The formation of large PRH–DNA complexes. (a) A schematic of the Goosecoid reporter construct used in this study. Goosecoid promoter sequences from –461 to +64 relative to the transcription start point (bent arrow) are located upstream ...
Table 1.
A summary of the analysis of potential PRH–DNA complexes

PRH can form protein–DNA fibres

To gain a better understanding of the nature of the higher-order PRH–DNA complexes described earlier, we incubated PRH oligomers with a 525-bp fragment of DNA encompassing the same array of Goosecoid PRH binding sites used in the previous experiments [Figure 3(a)] and viewed negatively stained samples using EM [Figure 3(b)]. In the presence of this DNA fragment, bead-like objects are visible and they associate in a side-by-side manner [Figure 3(b)]. Naked DNA provides very low contrast in transmission EM. Hence, as would be expected, in the absence of PRH protein uranyl acetate stained DNA alone is barely visible. At low numbers of ‘beads’, these assemblies are very similar to the model shown in Figure 2(d). As the number of ‘beads’ increases, complex assemblies are formed that appear mesh like. To determine whether long fragments of DNA are required to form these mesh-like assemblies, the experiment was repeated at the same protein:DNA ratio with small 30-bp oligonucleotides that each contain a single PRH binding site. In the presence of this oligonucleotides, there is very little alteration in the appearance of the protein under negative stain EM (data not shown). This suggests that long DNA fragments carrying arrayed PRH binding sites are required in order to form these assemblies.

Figure 3.
Electron microscopy of PRH with short and long DNA fragments. (a) A schematic of the DNA fragments used in the EM experiments shown here. The top line shows a 525-bp DNA fragment carrying Goosecoid sequences from –461 to +64 relative to the transcription ...

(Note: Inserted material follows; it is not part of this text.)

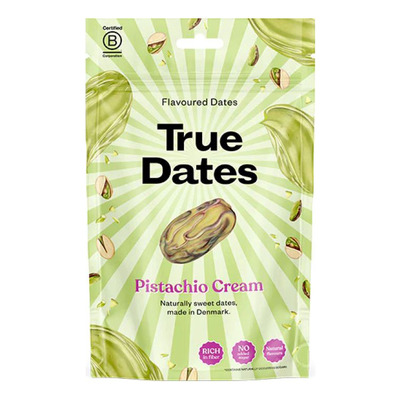 True Dates Pistachio Cream er udstenede dadler (83%) med pistaciepasta (4%). Disse dadler er et lækkert alternativ til traditionelt slik. True Dates Pistachio Cream er rige på fibre, uden tilsat sukker og indeholder kun naturlige smagsstoffer. Hver bid tilbyder en cremet og nøddeagtig smagsoplevelse med en afrundet sødme fra dadlerne.
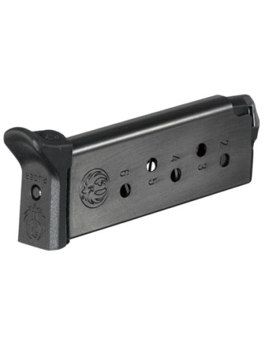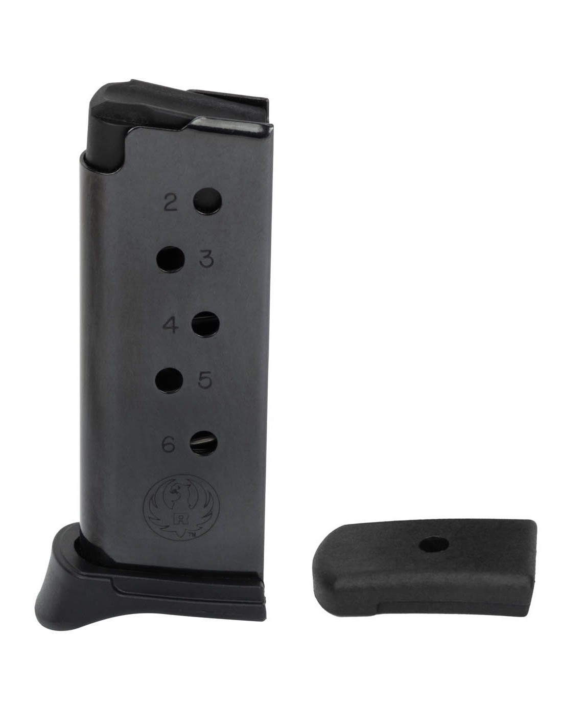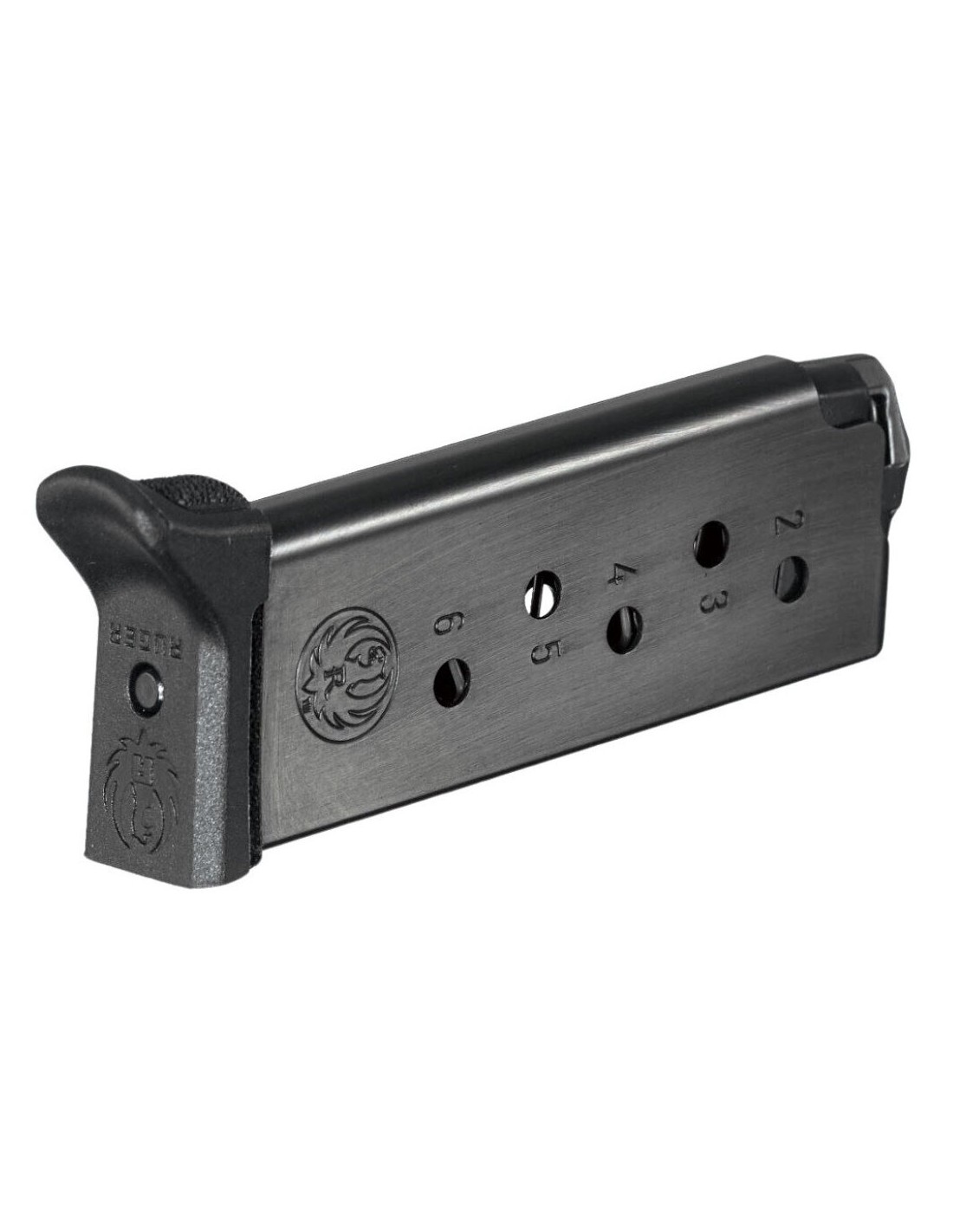 Cargador del calibre 380 Auto / 9 corto de acero pavonado con capacidad para 6 balas y placa de base extendida (incluye placa plana estándar). Valido par pistolas Ruger LCP. Accesorio de fábrica original Ruger.

To examine the binding of PRH to much longer DNA fragments, the above experiment was repeated using either a linearized 6 kbp plasmid DNA that contains the Goosecoid promoter or the equivalent empty vector [Figure 3(a), line 2]. In the presence of the empty vector, we were unable to visualise either DNA or PRH–DNA complexes using negative stain TEM (data not shown). In contrast, in the presence of the plasmid DNA containing Goosecoid DNA sequences, highly compact PRH–DNA structures are observed [Figure 3(c)]. These complexes form fibres with diameters of around 200 Å that can appear to be highly condensed [Figure 3(c), left panels] or more loosely packaged [Figure 3(c), right panel]. These fibres are very different from the spherical particles formed by PRH alone, although the diameter of the fibre is roughly similar to the diameter of the spheres observed using EM.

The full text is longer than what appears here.